**What the task requires**: Output the lines of the records exactly, from the first through the one containing "Многокомпонентная смола для". Omit all pictures.

(Dataset entries)
· · · ·
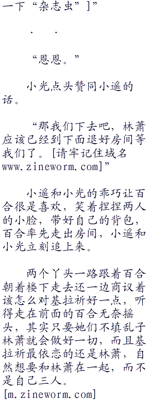 小遥和小光依旧很担心林萧的问题,但百合这么说了她们也只好冷静下来,将一切朝着好的一面去想。
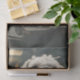 Dreadlock Duke is a charming scene of a bulldog seated in a classic barber chair, facing a mirror with long white dreadlocks cascading over the chair. The setting is reminiscent of an old-fashioned barbershop, complete with framed pictures on the wall, a sink with a mirror, and tiled flooring. This anthropomorphic depiction of the bulldog, placed in a typically human grooming scenario, adds a humourous touch to the image, as the dog seems to be admiring its own reflection and unique hairstyle. It’s a playful and creative visual that blends the worlds of pets and people in an endearing way.
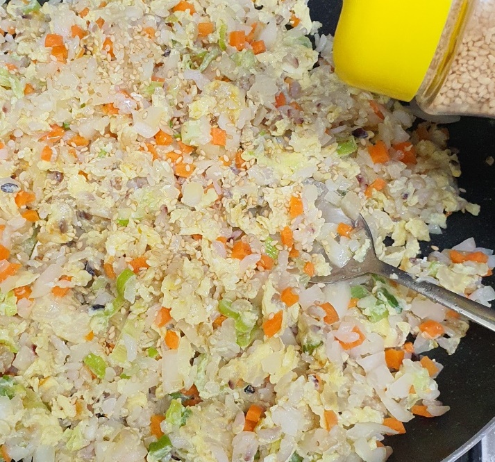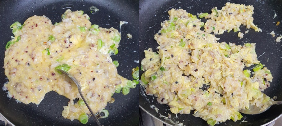 밥을 뒤집어가며 계란을 익혀주세요.
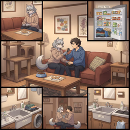She’s in a hoodie pulled tight at the wrists and thick-soled indoor shoes, paw pads nearly silent against the worn apartment floor. Her breath clouds faintly in the colder air of the unheated room. She closes the door behind her with her elbow, carrying a grocery bag that smells faintly of cooked fish and root vegetables.
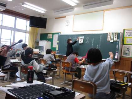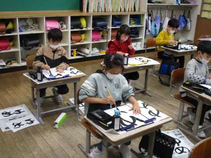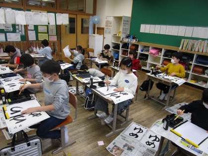 ひらがなの丸みを意識しながら書きました。筆の使い方を学び、ていねいに書いています。
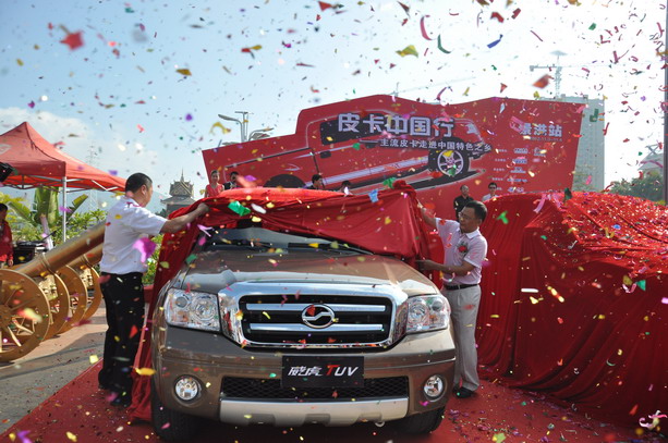 “皮卡中國行——主流皮卡走進中國特色之鄉(xiāng)”活動已經(jīng)走過了16個城市,在經(jīng)歷的十六個城市中,皮卡中國行活動獲得了不計其數(shù)的經(jīng)銷商稱贊,也得到了各地皮卡消費者對于皮卡中國行活動的認可。11月3號,2012第一屆皮卡中國行活動的收官之戰(zhàn)景洪站活動打響,這一天,寬闊的潑水廣場上人山人海、載歌載舞,成了歡樂的海洋。
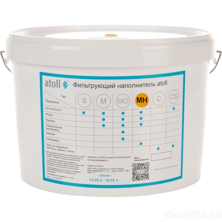 Многокомпонентная смола для фильтров Atoll MH ведро 10.25 литра. Подходит для удаления из воды ионов жесткости, железа, марганца и сероводорода. Подходит для всех засыпных фильтров.
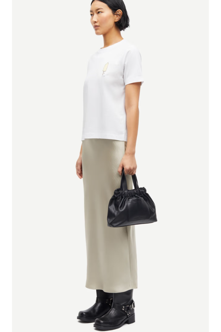 Satin maxi skirt with a slim fit. Elastic waistband. Main material made from 100% recycled polyester. This product is GRS certified. Each stage of the supply chain has met strict social, environmental, and chemical requirements.
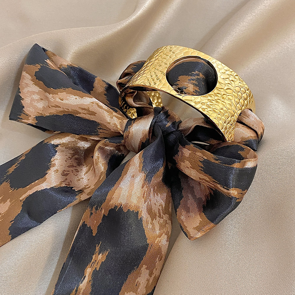 Boho Leopard Ribbon Braided Wrap Stainless Steel Cuff Bracelet for Women Trendy Gold Color Chunky Bangle Bracelets Jewelry Gifts
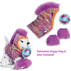 American Girl DALMATIAN PUPPY DOG + FUR-ROCIOUS PET OUTFIT Fur Hoodie Legwarmers - NEW Condition In Red Handled American Girl Bag
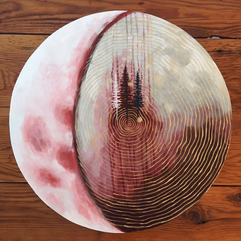Created entirely in 2016 after several months of climbing Mount Tabor nearly every day during a period of intense interpersonal unraveling, these works reflect the passage of time and renewal of love found in communion with the other-than-human people known as trees. Some abstract, some more literal, all seek to at once ground and uplift the viewer. All pieces are finished with archival UV-resistant spray. Below are the works that were available for purchase as of March 8th. I do ship internationally. Shipping in the US will cost about $12 for smaller works, $30 for the medium sized canvases and the larger canvases (30"x40" and up) will cost approx. $100 to ship domestically. Please contact me to purchase
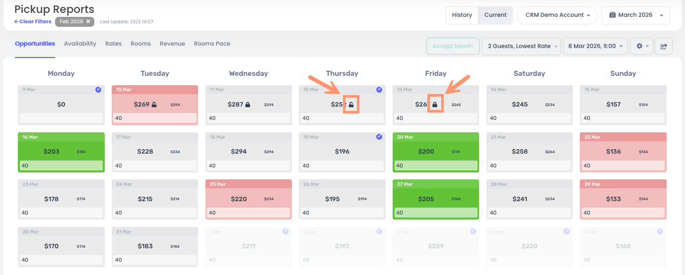 By clicking on a specific date in the Opportunities tab or Pickup Reports, you open the Opportunities Dialog. Here, you can manually override rates or "lock" them to prevent Autopilot from making changes.
· · · ·
**Task result**:
 小遥和小光依旧很担心林萧的问题,但百合这么说了她们也只好冷静下来,将一切朝着好的一面去想。
 Dreadlock Duke is a charming scene of a bulldog seated in a classic barber chair, facing a mirror with long white dreadlocks cascading over the chair. The setting is reminiscent of an old-fashioned barbershop, complete with framed pictures on the wall, a sink with a mirror, and tiled flooring. This anthropomorphic depiction of the bulldog, placed in a typically human grooming scenario, adds a humourous touch to the image, as the dog seems to be admiring its own reflection and unique hairstyle. It’s a playful and creative visual that blends the worlds of pets and people in an endearing way.
 밥을 뒤집어가며 계란을 익혀주세요.
She’s in a hoodie pulled tight at the wrists and thick-soled indoor shoes, paw pads nearly silent against the worn apartment floor. Her breath clouds faintly in the colder air of the unheated room. She closes the door behind her with her elbow, carrying a grocery bag that smells faintly of cooked fish and root vegetables.
 ひらがなの丸みを意識しながら書きました。筆の使い方を学び、ていねいに書いています。
 “皮卡中國行——主流皮卡走進中國特色之鄉(xiāng)”活動已經(jīng)走過了16個城市,在經(jīng)歷的十六個城市中,皮卡中國行活動獲得了不計其數(shù)的經(jīng)銷商稱贊,也得到了各地皮卡消費者對于皮卡中國行活動的認可。11月3號,2012第一屆皮卡中國行活動的收官之戰(zhàn)景洪站活動打響,這一天,寬闊的潑水廣場上人山人海、載歌載舞,成了歡樂的海洋。
 Многокомпонентная смола для фильтров Atoll MH ведро 10.25 литра. Подходит для удаления из воды ионов жесткости, железа, марганца и сероводорода. Подходит для всех засыпных фильтров.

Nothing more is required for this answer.